> _Problem to solve_: Output each entry verbatim and exclude every picture from it.

Items listed in a dataset
═══

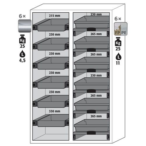 Veilige en gecertificeerde opslag van gevaarlijke ontvlambare en corrosieve stoffen in werkruimtes Stevige constructie aan de buitenzijde van staal met epoxy-coating Volledig sluitmechanisme en beveiligingselementen ter bescherming tegen corrosie, gemonteerd buiten de opslagruimte 2-in-1: twee vakken (verticale verdeling) voor de opslag van gevaarlijke ontvlambare en corrosieve stoffen in één kast Praktisch en veilig: 1 vak met inklapbare deur Handig en zonder risico pakken of opslaan van de containers Altijd gesloten: het automatische mechanisme voor het sluiten van de deur (TSA) is permanent geactiveerd en maakt de deuren na ongeveer 60 seconden vrij, akoestisch en visueel alarm vóór het sluiten Gecontroleerd gebruik: vergrendelbare deuren met geprofileerd slot en cilinderslot Beluchting/ontluchting: geïntegreerd beluchtings- en ventilatiesysteem voor aansluiting (diameter 75 mm) op een technisch luchtafvoersysteem Eenvoudige installatie: geïntegreerde stelvoeten Ventilatie en ventilatie: geïntegreerd ventilatie- en ventilatiesysteem voor aansluiting (diameter 75 mm) op een technisch luchtafvoerapparaat
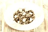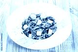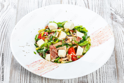 Fresh vegetable salad with prosciutto, spinach, mushrooms, tomatoes, cheese, onions, cucumbers and avocado on plate on light wooden background. Healthy food. Top view
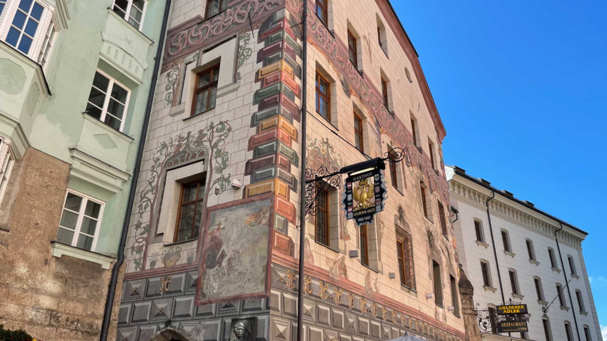 Nous visitons également l’église de la cour où est enterré -en fait il n’y est pas- de Maximilien 1er De l’extérieur, elle est insignifiante et simple, mais l’intérieur est plein d’histoires, de monuments et de trésors. Elle abrite non seulement les monuments artistiques les plus importants du Tyrol, mais aussi un orgue renaissance rare et d’importants tombaux. La vieille ville est charmante, en particulier son petit toit d’or!
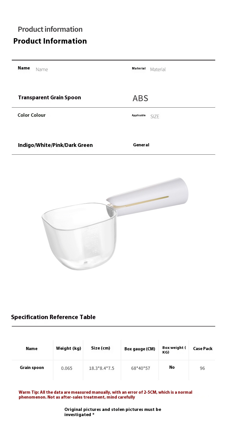 Pet food transparent and graduated spoon cat food large capacity feeding shovel clip integrated dog food sealing clip
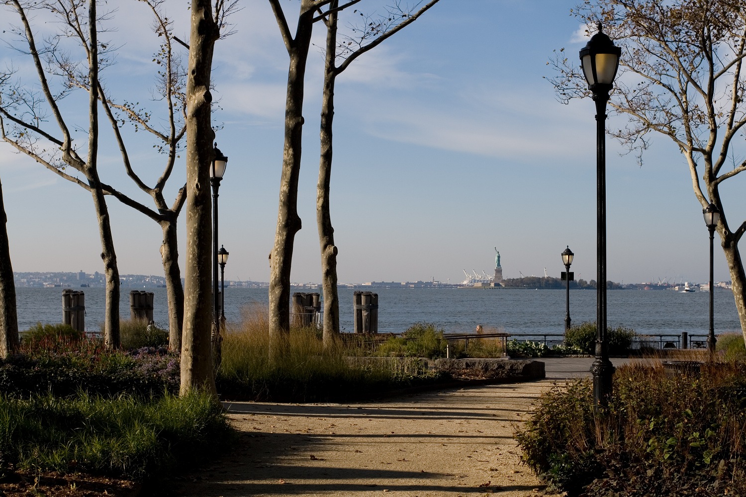 Das herrliche Wetter wollten wir nutzen und eine Fahrt mit der Fähre Richtung Ellis Island wagen, um die Freiheitsstatue zu sehen. Als wir mit der U-Bahn die Station der Staten-Island-Fähre erreichten, mussten wir noch ein paar hundert Meter hinter uns bringen, um zur Fähre zu gelangen. Unterwegs konnten wir vom Ufer aus die Freiheitsstatue und Ellis Island erblicken. An der Anlegestelle stellten wir dann aber fest, dass wir pro Person zwölf Dollar zahlen müssten. Das war uns zu doof. Wir gingen also zurück, um mit der Staten-Island-Fähre zu fahren, die keinen Cent kostet.
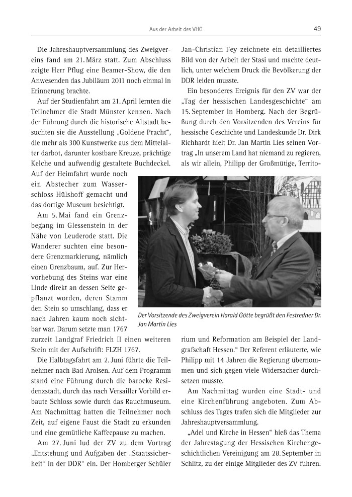 Ein besonderes Ereignis für den ZV war der „Tag der hessischen Landesgeschichte“ am 15. September in Homberg. Nach der Begrüßung durch den Vorsitzenden des Vereins für hessische Geschichte und Landeskunde Dr. Dirk Richhardt hielt Dr. Jan Martin Lies seinen Vortrag „In unserem Land hat niemand zu regieren, als wir allein, Philipp der Großmütige, Territorium und Reformation am Beispiel der Landgrafschaft Hessen.“ Der Referent erläuterte, wie Philipp mit 14 Jahren die Regierung übernommen und sich gegen viele Widersacher durchsetzen musste.
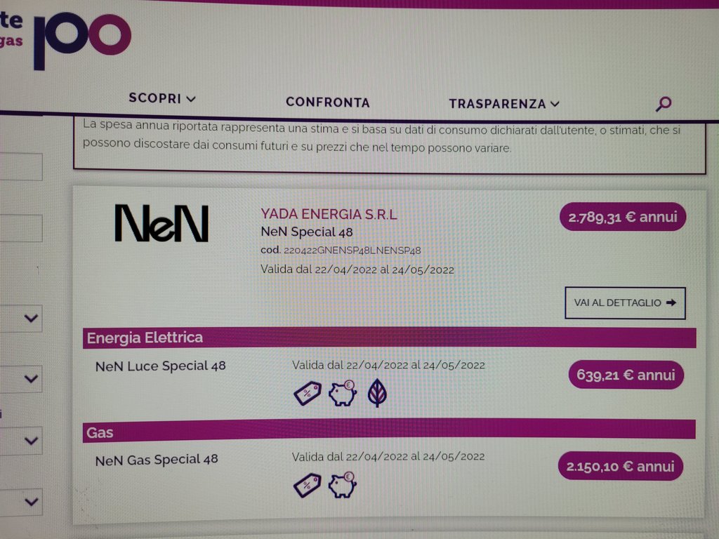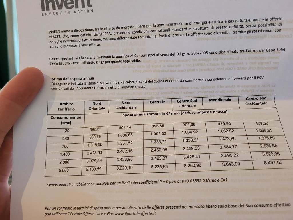 Sul portale Arera ho sottoscritto mesi fa una proposta luce e gas con Invent...ora mi comunica rimodulazione dei prezzi sia per ga s che energia. Ho provato di nuovo il portale Arera e mi da una nuova compagnia Nem come più conveniente...vi posto le nuove condizioni invent e offerta arera ditemi voi cosa conviene fare. Grazie per l'aiuto
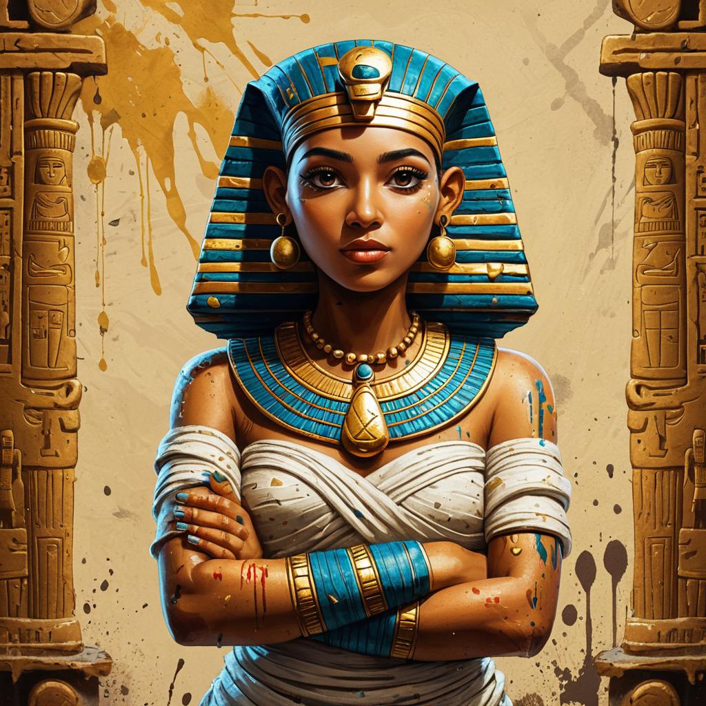 A cartoon-style character design of a whimsical dragon, with her arms crossed, wearing a colorful scale-patterned vest, large expressive eyes, a spiked collar in shades of blue and green, background features splashes of paint and textures to give it an artistic feel
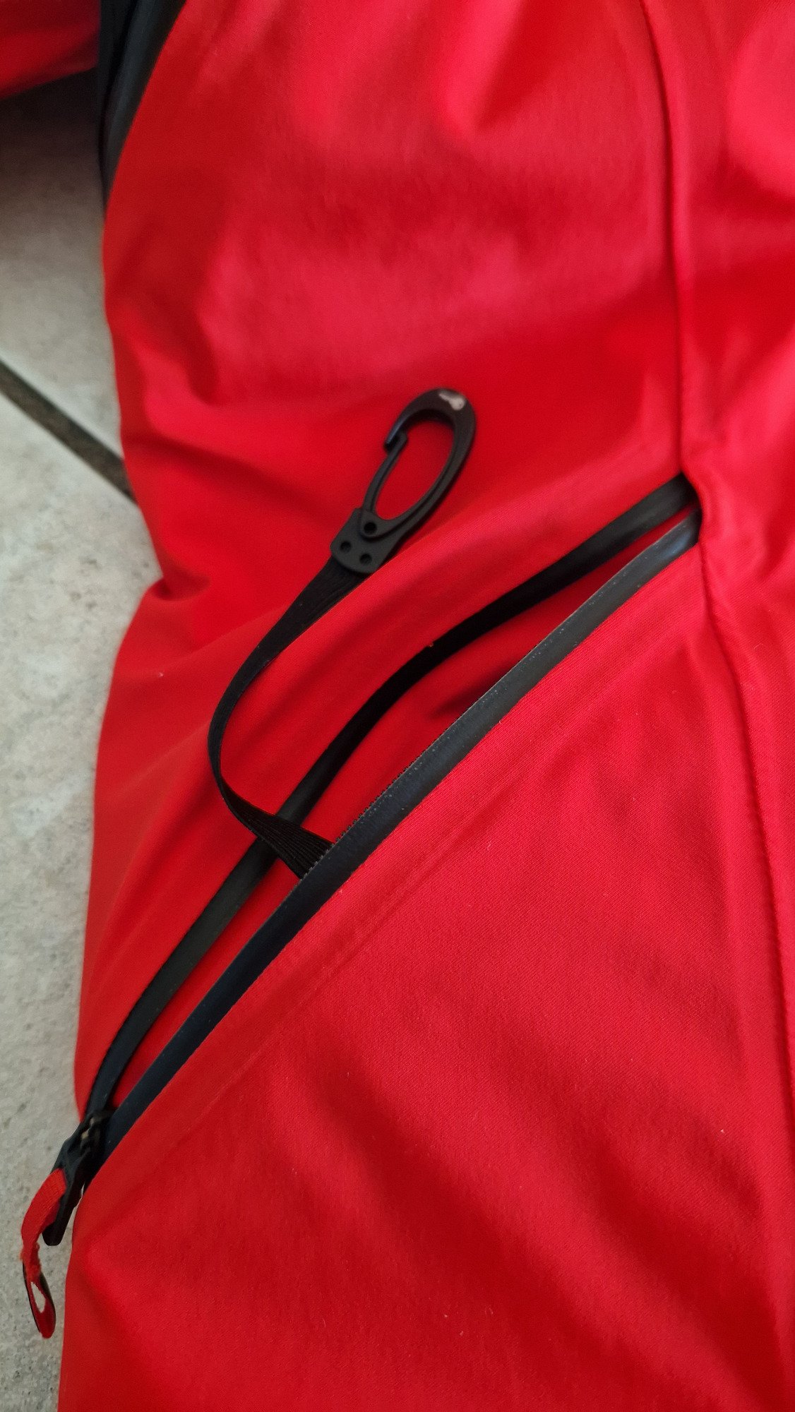 - 2 poches zippées poitrines dont une avec un chiffon microfibre attaché par un mousqueton a un leash élastique pour essuyer son masque ou ses lunettes.
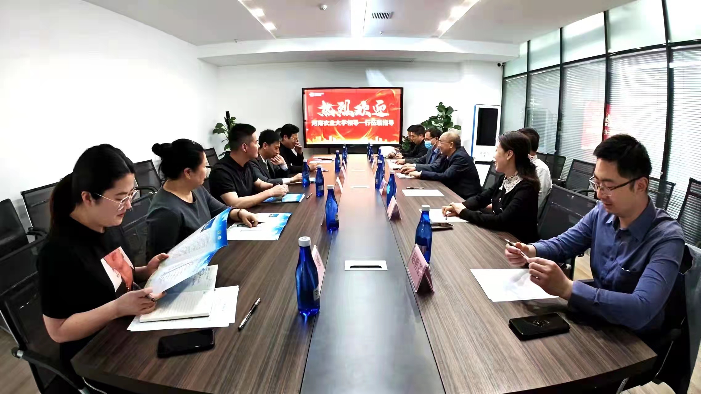张成军介绍了河南科技园区整体情况,并结合园区的定位发展、人才需求,希望依托双方优势资源,从人才培养、实习实训、校企合作等方面开展进一步的合作。邓启皇具体介绍了京硕信息科技的具体情况,同时还就公司的经营状况和战略规划进行了详细介绍,重点介绍了公司在自助打印、智能控制系统等方面研发和项目落地的相关情况。

═══

> _Result of this task_:
 Veilige en gecertificeerde opslag van gevaarlijke ontvlambare en corrosieve stoffen in werkruimtes Stevige constructie aan de buitenzijde van staal met epoxy-coating Volledig sluitmechanisme en beveiligingselementen ter bescherming tegen corrosie, gemonteerd buiten de opslagruimte 2-in-1: twee vakken (verticale verdeling) voor de opslag van gevaarlijke ontvlambare en corrosieve stoffen in één kast Praktisch en veilig: 1 vak met inklapbare deur Handig en zonder risico pakken of opslaan van de containers Altijd gesloten: het automatische mechanisme voor het sluiten van de deur (TSA) is permanent geactiveerd en maakt de deuren na ongeveer 60 seconden vrij, akoestisch en visueel alarm vóór het sluiten Gecontroleerd gebruik: vergrendelbare deuren met geprofileerd slot en cilinderslot Beluchting/ontluchting: geïntegreerd beluchtings- en ventilatiesysteem voor aansluiting (diameter 75 mm) op een technisch luchtafvoersysteem Eenvoudige installatie: geïntegreerde stelvoeten Ventilatie en ventilatie: geïntegreerd ventilatie- en ventilatiesysteem voor aansluiting (diameter 75 mm) op een technisch luchtafvoerapparaat
 Fresh vegetable salad with prosciutto, spinach, mushrooms, tomatoes, cheese, onions, cucumbers and avocado on plate on light wooden background. Healthy food. Top view
 Nous visitons également l’église de la cour où est enterré -en fait il n’y est pas- de Maximilien 1er De l’extérieur, elle est insignifiante et simple, mais l’intérieur est plein d’histoires, de monuments et de trésors. Elle abrite non seulement les monuments artistiques les plus importants du Tyrol, mais aussi un orgue renaissance rare et d’importants tombaux. La vieille ville est charmante, en particulier son petit toit d’or!
 Pet food transparent and graduated spoon cat food large capacity feeding shovel clip integrated dog food sealing clip
 Das herrliche Wetter wollten wir nutzen und eine Fahrt mit der Fähre Richtung Ellis Island wagen, um die Freiheitsstatue zu sehen. Als wir mit der U-Bahn die Station der Staten-Island-Fähre erreichten, mussten wir noch ein paar hundert Meter hinter uns bringen, um zur Fähre zu gelangen. Unterwegs konnten wir vom Ufer aus die Freiheitsstatue und Ellis Island erblicken. An der Anlegestelle stellten wir dann aber fest, dass wir pro Person zwölf Dollar zahlen müssten. Das war uns zu doof. Wir gingen also zurück, um mit der Staten-Island-Fähre zu fahren, die keinen Cent kostet.
 Ein besonderes Ereignis für den ZV war der „Tag der hessischen Landesgeschichte“ am 15. September in Homberg. Nach der Begrüßung durch den Vorsitzenden des Vereins für hessische Geschichte und Landeskunde Dr. Dirk Richhardt hielt Dr. Jan Martin Lies seinen Vortrag „In unserem Land hat niemand zu regieren, als wir allein, Philipp der Großmütige, Territorium und Reformation am Beispiel der Landgrafschaft Hessen.“ Der Referent erläuterte, wie Philipp mit 14 Jahren die Regierung übernommen und sich gegen viele Widersacher durchsetzen musste.
 Sul portale Arera ho sottoscritto mesi fa una proposta luce e gas con Invent...ora mi comunica rimodulazione dei prezzi sia per ga s che energia. Ho provato di nuovo il portale Arera e mi da una nuova compagnia Nem come più conveniente...vi posto le nuove condizioni invent e offerta arera ditemi voi cosa conviene fare. Grazie per l'aiuto
 A cartoon-style character design of a whimsical dragon, with her arms crossed, wearing a colorful scale-patterned vest, large expressive eyes, a spiked collar in shades of blue and green, background features splashes of paint and textures to give it an artistic feel
 - 2 poches zippées poitrines dont une avec un chiffon microfibre attaché par un mousqueton a un leash élastique pour essuyer son masque ou ses lunettes.
张成军介绍了河南科技园区整体情况,并结合园区的定位发展、人才需求,希望依托双方优势资源,从人才培养、实习实训、校企合作等方面开展进一步的合作。邓启皇具体介绍了京硕信息科技的具体情况,同时还就公司的经营状况和战略规划进行了详细介绍,重点介绍了公司在自助打印、智能控制系统等方面研发和项目落地的相关情况。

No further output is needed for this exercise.